FAIRBANKS — There will be no question whether subsistence fishermen on the Yukon River will be able to fish for early-run king salmon this summer.
In an attempt to rebuild what has been a dwindling chinook run in recent years, the Alaska Board of Fisheries adopted a new regulation last week that will prohibit king salmon fishing on the first big pulse of fish that hit the Yukon River in early June
The Department of Fish and Game has closed or restricted king salmon fishing on the first pulse of Yukon kings three of the past four years to get more fish to Canadian spawning grounds but those closures were by emergency order and based on the department’s preseason projection for the king run.
The new regulation adopted by the Board of Fisheries automatically closes king fishing on the first pulse of fish in Districts 1 and 2 of the lower Yukon but allows the department to lift the closure in districts farther up river in the event the run turns out to be stronger than projected. The department determines when the first pulse of kings hits the river based on test-net catches at the mouth of the river.

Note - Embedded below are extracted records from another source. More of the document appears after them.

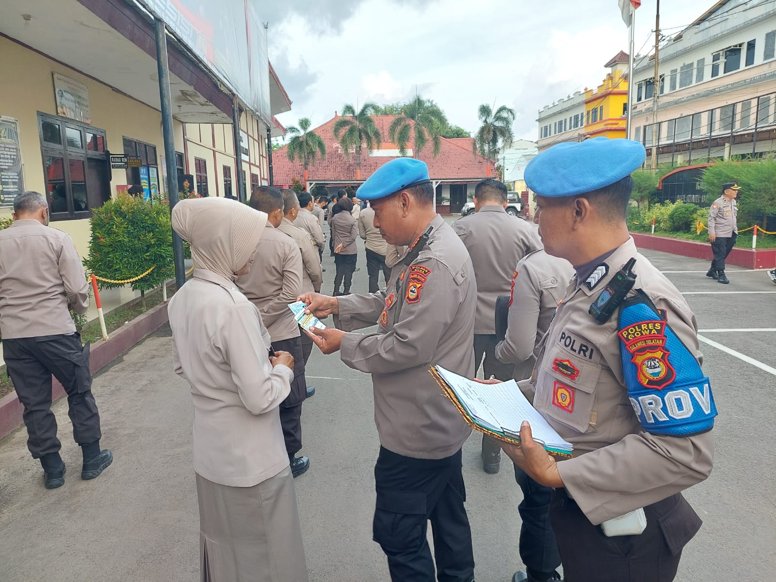 Wakapolres didampingi Kasi Propam, terlihat melakukan pemeriksaan setiap anggota meliputi sikap tampang, pemakaian seragam dinas, kelengkapan identitas diri anggota mulai dari KTP, KTA, SIM serta surat-surat kendaraan bermotor dinas.
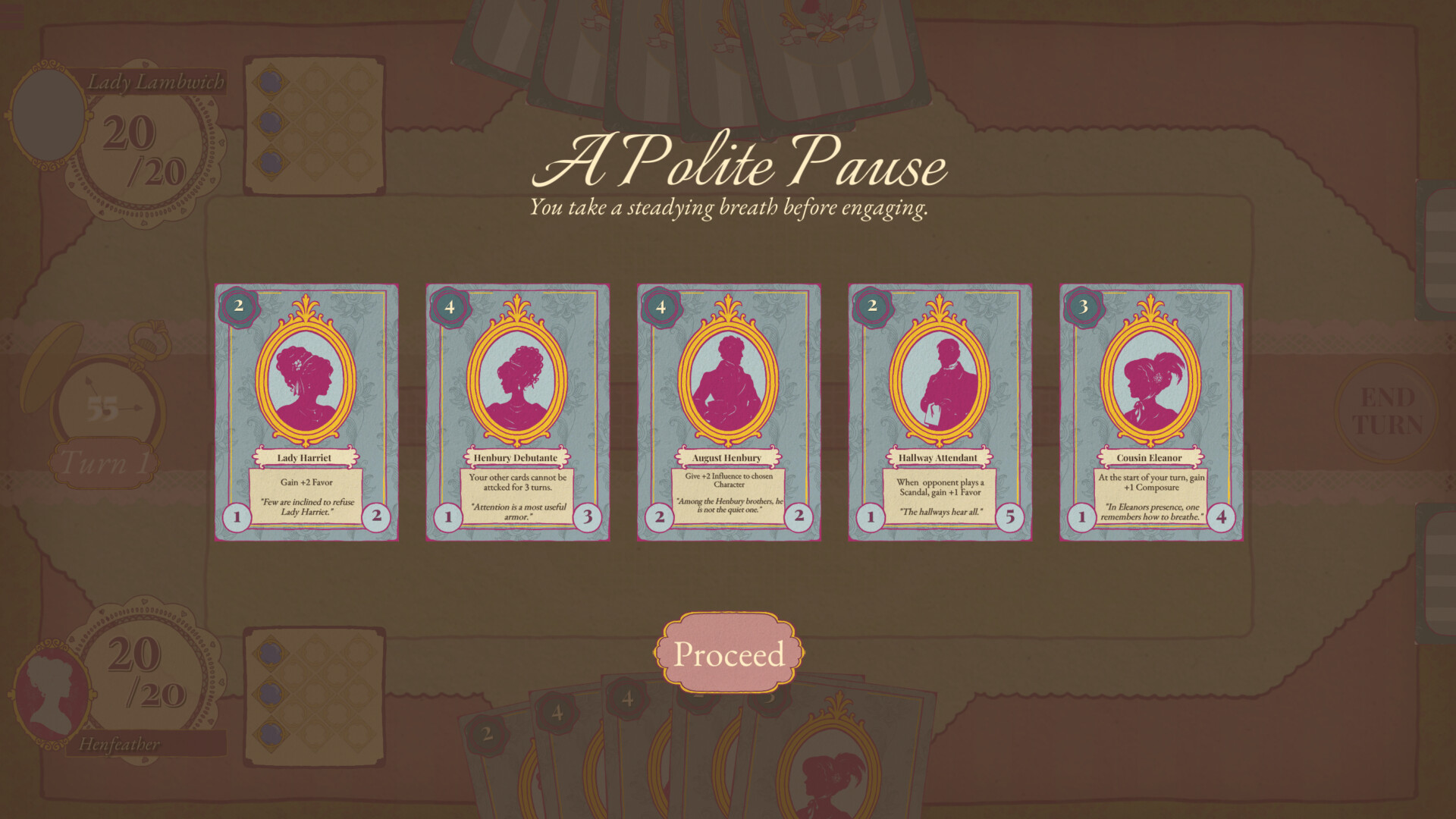 A single player game of social dueling. Forget health points, you are trying to keep your Composure. Use Influence to "attack" your opponent's social standing. Spend Favor to play your cards.
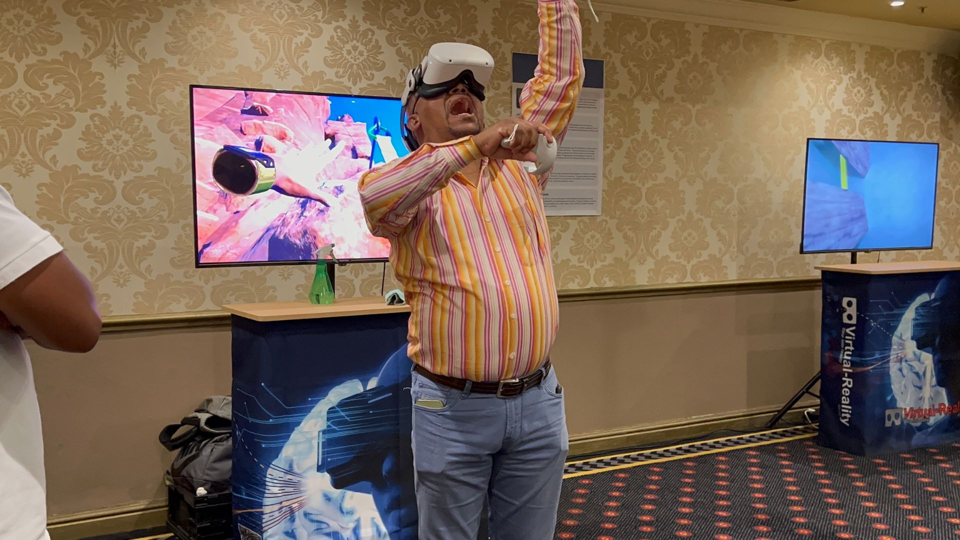 Beyond individual capabilities, the Quest 2's effortless compatibility with live streaming platforms was crucial to the event's triumph. This feature enabled organizers to broadcast participants' VR experiences live, effectively bridging the virtual and real worlds. Spectators could engage with the ongoing action on expansive screens, fostering an interactive relationship between headset users and the audience. This seamless integration of technology and storytelling turned each participant's journey into a shared narrative, enhancing the overall immersive experience.
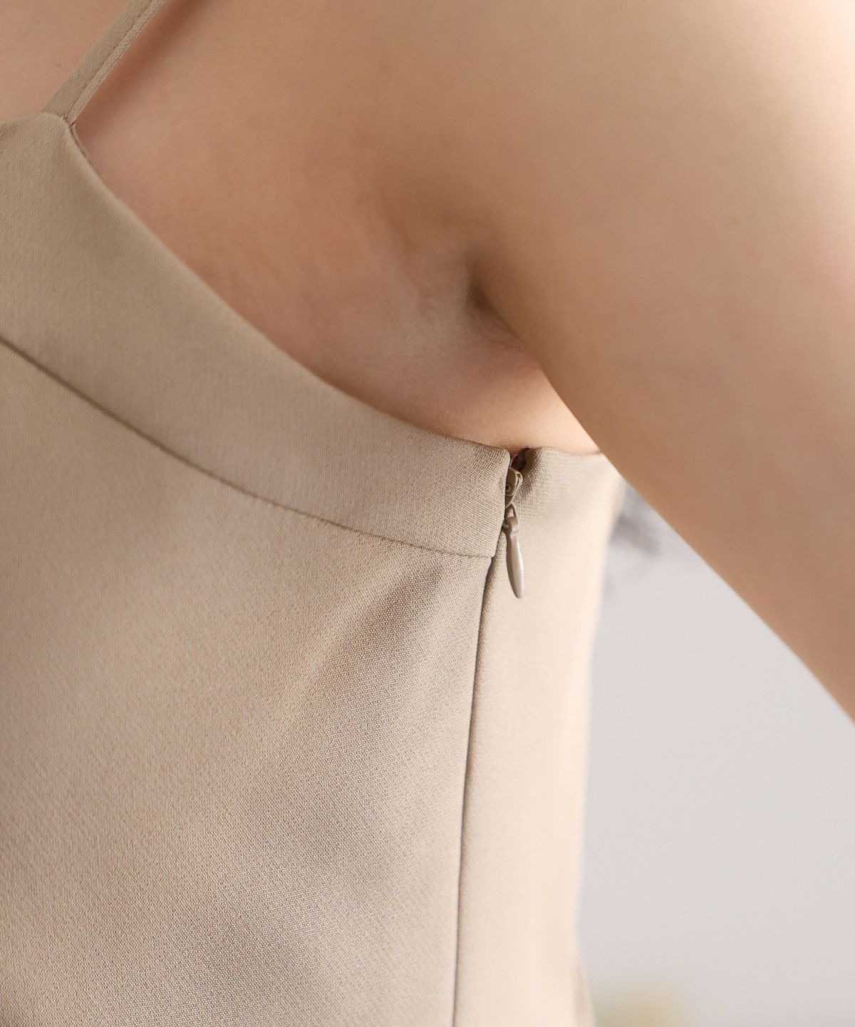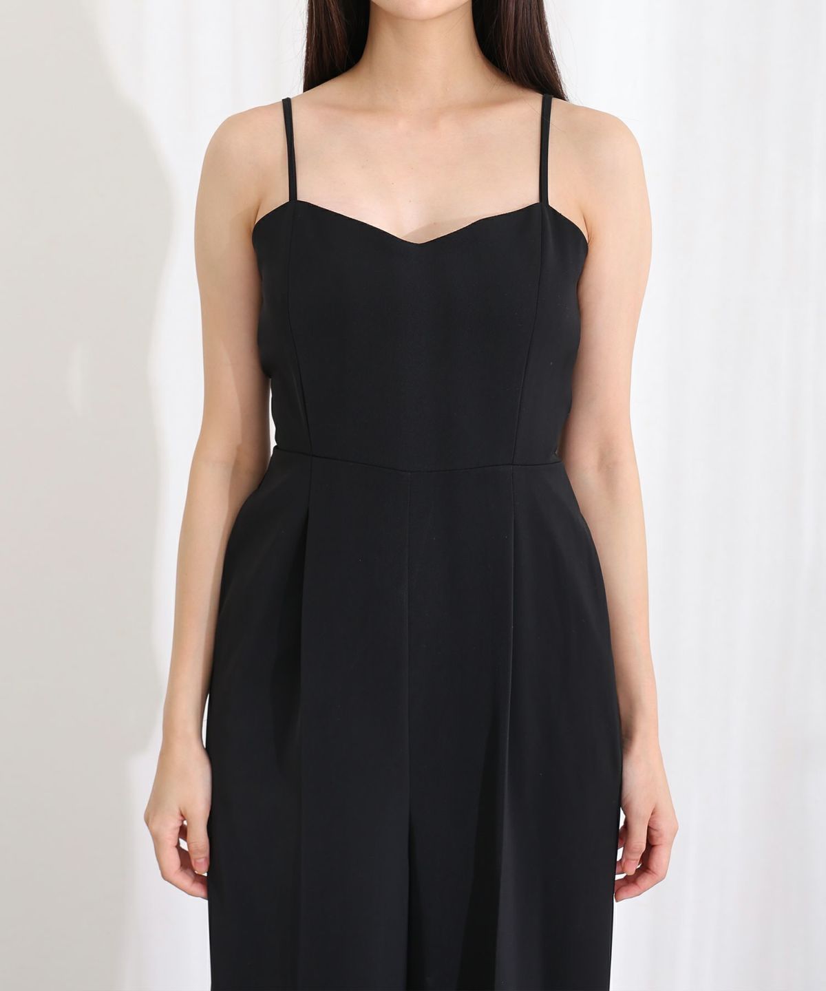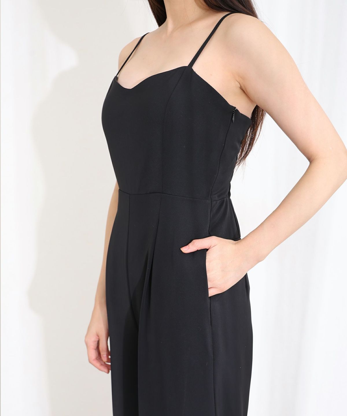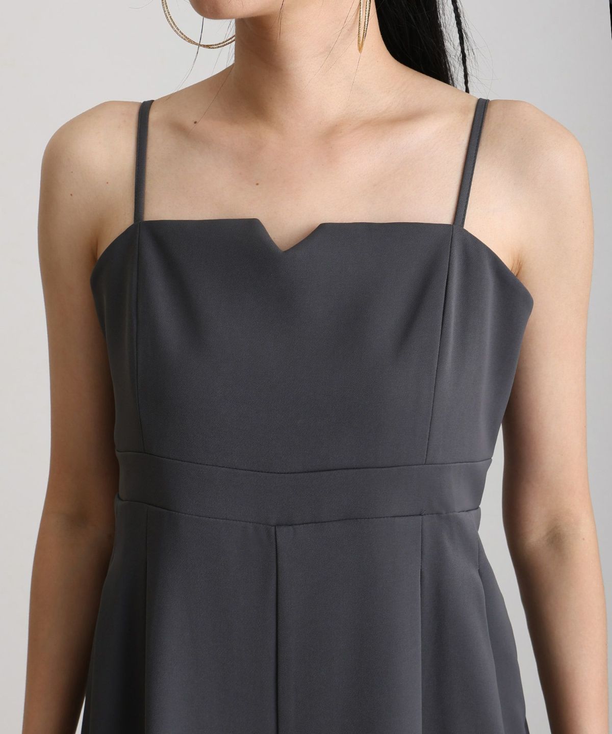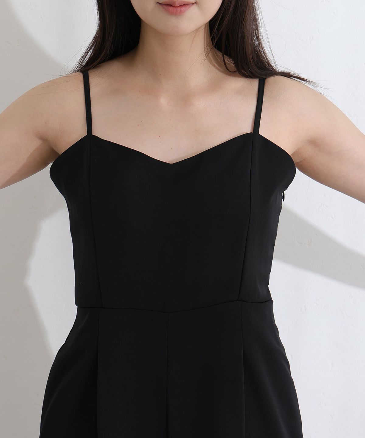 PourVous・atloのノースリーブパンツドレスは、パンツドレスならではの洗練されたシルエットに、肩まわりをすっきり魅せる美しさをプラス。
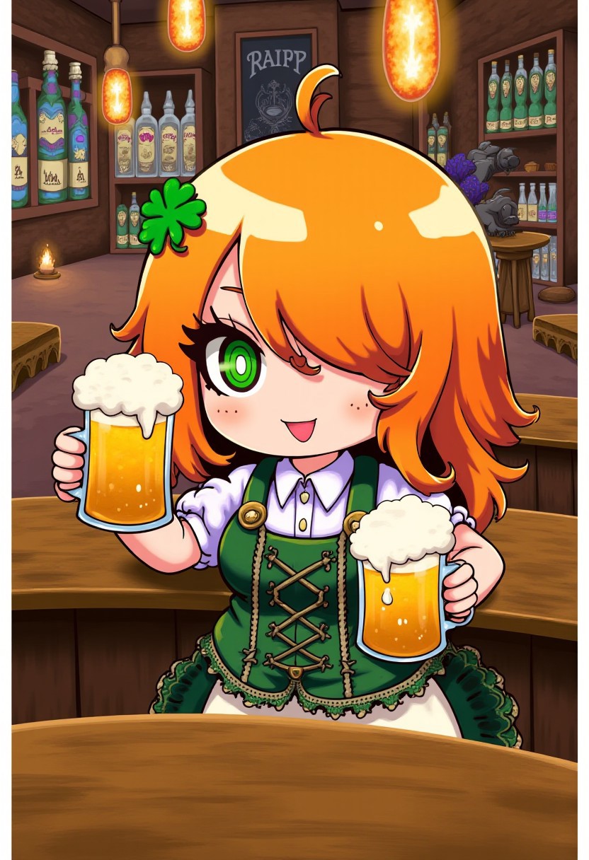 art by benangbaja, 1girl, long orange hair, hair over one eye, Irish barmaid, green barmaid, bodice with criss-cross laces, collared shirt, shamrock hair ornament, serving beer mugs, tavern, tables, chibi, big head, kawaii
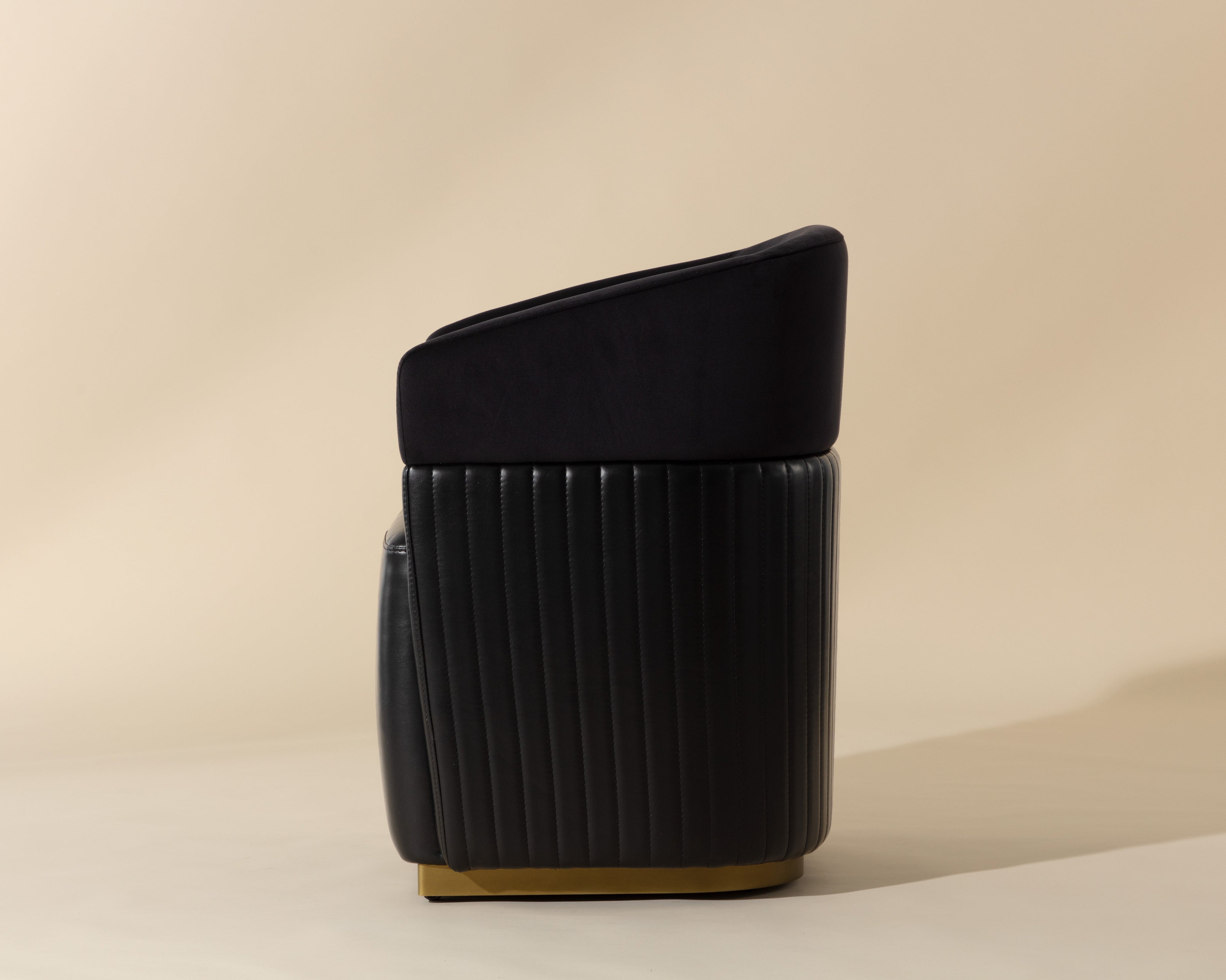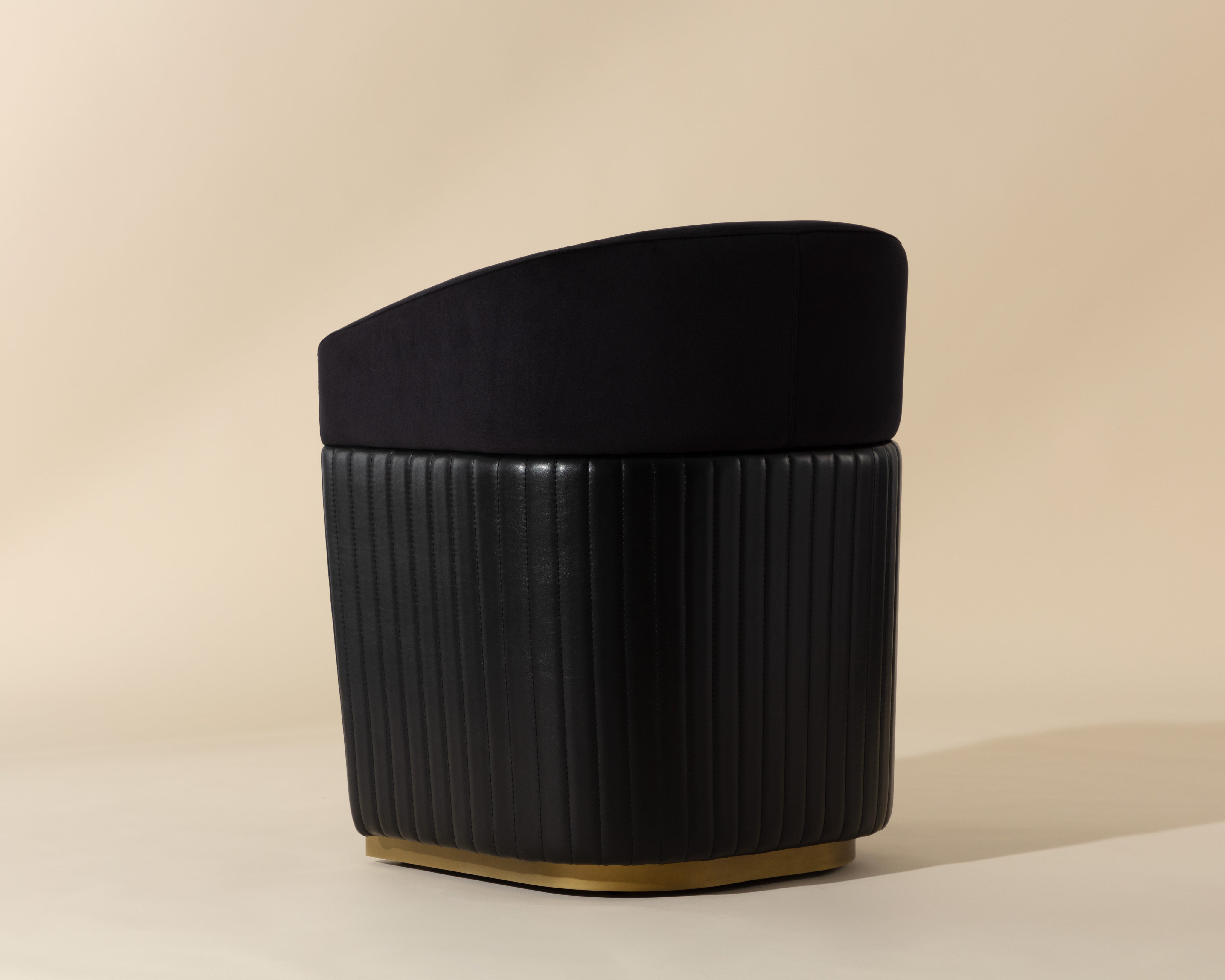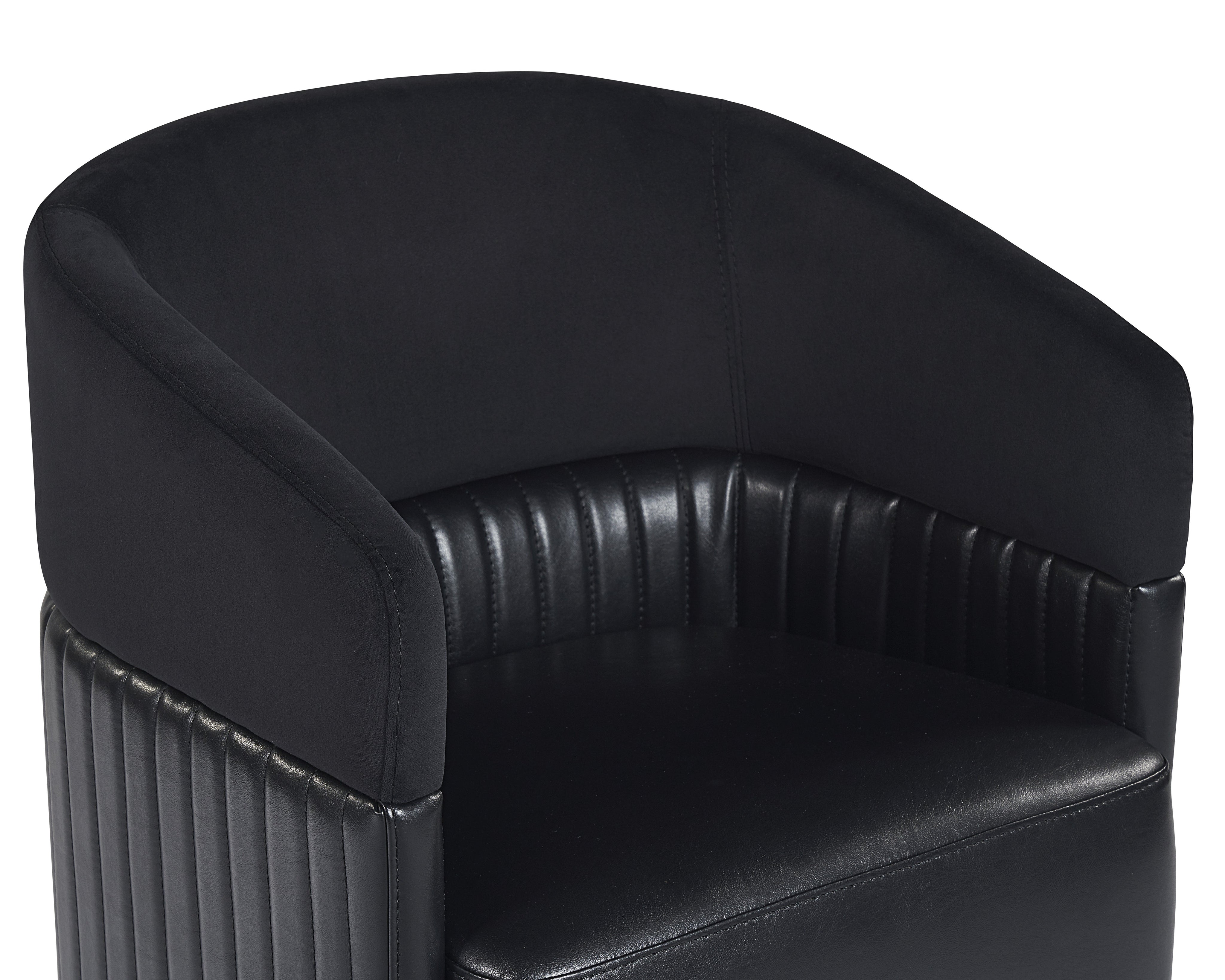 Guests will be intrigued by the unique design details found on this wheeled lounge chair. Designed with contemporary styling, this chair features a channel tufted seatback in abbington black fabric and cantina black bonded leather with a brass frame. Handle with Care: This design has been crafted with bonded leather. Bonded leather is a blend of reconstituted leather and synthetic materials crafted to reflect the natural characteristics of leather; as such, colour variations, markings, wrinkles, grooves and light scratches are acceptable and appreciated characteristics. No two pieces are alike. Visit our Product Care page for more information on how to ensure the lasting beauty of this piece.
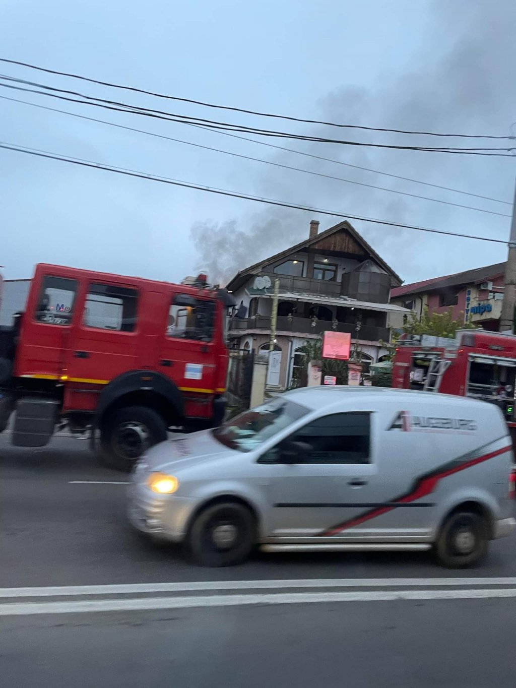 "Se intervine în aceste momente pentru stingerea unui incendiu care a cuprins un acoperiș al unui imobil situat pe strada Traian Vuia.

“They put into the Yukon River King Salmon Management Plan that there would be protection on the first pulse beginning in District 1 and 2,” said Eric Newland, area management biologist for the Department of Fish and Game in Anchorage. “If the run size is assessed to be strong enough to meet escapement and subsistence needs, that could be relaxed above those districts.”
Fishing on the first pulse of kings has been closed in all six river districts the past two years and last year added restrictions were placed on fishermen in District 6 to help get more fish across the border. Even with the restrictions, Alaska failed to get enough fish into Canada to satisfy objectives of Pacific Salmon Treaty for the second time in three years. Only a little more than 35,000 kings were counted by a sonar near the Canadian border. The treaty objective is a minimum of 42,500 kings.
The new regulation is “to provide for uncertainty in the preseason projection,” Newland said.
“In the past we made plans to protect the first pulse based on a preseason projection that warrants such action,” he said. “Now it’s going to happen regardless.”
Prohibiting fishing on the first pulse of kings is a hardship on fishermen but it’s about the only way the department has to rebuild the chinook run, Newland said.
“I don’t think anybody likes to hear they can’t go fishing but it is the strategy we’ve been using and it seems to pass fish,” he said.
The department will come out with its formal preseason projection for this year’s Yukon River king salmon run in March, Newland said, and it’s expected to be similar to last year’s, which was for a below average run.
Both the fish board and fishermen who attended the meeting in Anchorage appeared to be in agreement that steps need to be taken to rebuild the Yukon’s king run, said Fred Bue, a fisheries biologist with the U.S. Fish and Wildlife Service.
“The whole Board of Fish seemed to be approaching this session with conservation in mind,” he said. “I think everybody was thinking about that, how to conserve the resource with the least impact to fishermen and still improve the run.
“People are recognizing there’s a fisheries concern here and everybody is trying to figure out ways to make it work,” he said.